Learned societies were created for the purpose of facilitating scholarly engagement with others who shared similar interests, and journals arose as a forum to allow wider discussion of ideas and discoveries, enabled by editors who were also members of those communities and who acted as moderators of the discussion. What we now commonly understand to be “peer review” as a standard practice in academic publishing — in which discussants have become referees — is comparatively recent. In sports, the role of a referee is not to act as part of the team working together to move the ball forward but simply to ensure everyone follows the rules of the game, whatever those may be, and to certify the results. In the academy, refereeing has much the same task, that of evaluation, assessment, and judgment.

Peer review, in this refereeing sense, became the norm during the rapid growth in higher education after World War II and the concurrent explosion in Cold War-driven research funding. There are good historical reasons for the turn to reliance on peers to handle the bulk of the review process. The rising number of manuscripts that resulted from the increased numbers of academics meant that individual editors could no longer keep up with the workload and often felt they themselves were not experts enough in emerging or niche fields to determine the validity or quality of the work submitted to them. The expenses of print-based publishing of necessity limited the number of pages any given editor could produce in a given year, and editors increasingly turned to their academic colleagues to provide them with a justification they could use for either accepting or rejecting the flood of manuscripts submitted to the journal or the press. The perceived (or real) biases of individual editors could be mitigated by the (hopefully) impartial reviews from those who, like the authors, were also experts in the field.

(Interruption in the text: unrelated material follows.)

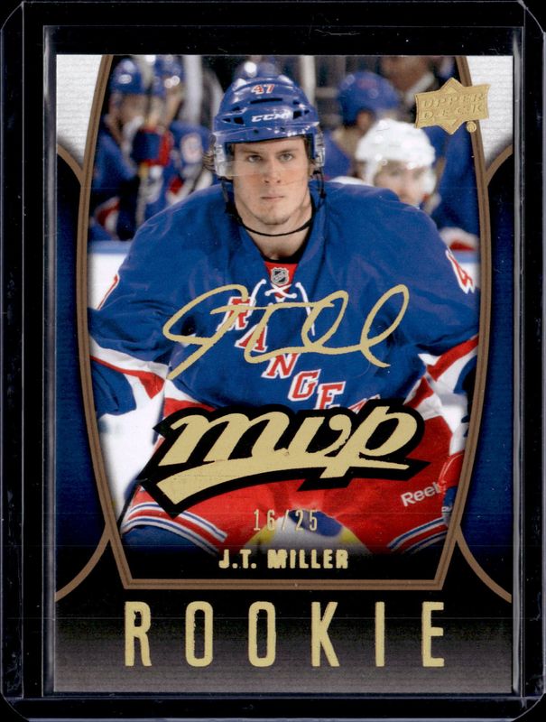 The JT Miller 2013 Upper Deck #53 2013 Upper Deck MVP Super Script /25 Rookie card is 1 of 14 JT Miller's card variations in the 2013 Upper Deck set being tracked by Sports Card Investor, including Young Guns Base, Young Guns Canvas, Young Guns - Acetate, Young Guns - Jumbo, and Young Guns - UD Exclusives /100.

It is the failure of that last laudable goal of peer review — that every manuscript submitted for publication receives an impartial assessment of that work by several experts in the same field — that has raised the most criticism. Most reviews are performed anonymously, either “blind” or “double blind,” with the editors and the editorial staff being the only ones to know with 100% certainty who are the authors and who are the reviewers. How good a match of expertise has the editor made? Why choose one reviewer and not another? What if numerous reviewers decline to review the manuscript? Are the ones who end up reviewing qualified to do so? (Is, for example, a grad student truly the peer of a tenured faculty member? Or vice versa?) What do reviewers have to gain from slowing down their competitors by asking for extensive revisions or by rejecting theories or ideas that are contrary to their own? And can any human being, no matter what his or her expertise, truly be impartial, especially in a highly competitive world such as academia, where skepticism and critique, considered hallmarks of the top-notch scholar, can easily become criticism? For better or for worse, with a single editor making the decision as to acceptance or rejection, as was most often the case before peer review took primacy of place, you knew the qualifications and the biases of that individual. Anonymous peer review removed that certainty. Now you were writing for … whom exactly? Richard Smith famously described anonymous peer review as “a court with an unidentified judge” that “makes us think immediately of totalitarian states and the world of Franz Kafka” (Smith, 1999). Most everyone who has published a scholarly article or book has horror stories to tell about highly critical and sometimes brutal reviews from reviewers who seemed more keen on destroying the idea and devastating the author than on encouraging a new concept and its creator to grow and thrive.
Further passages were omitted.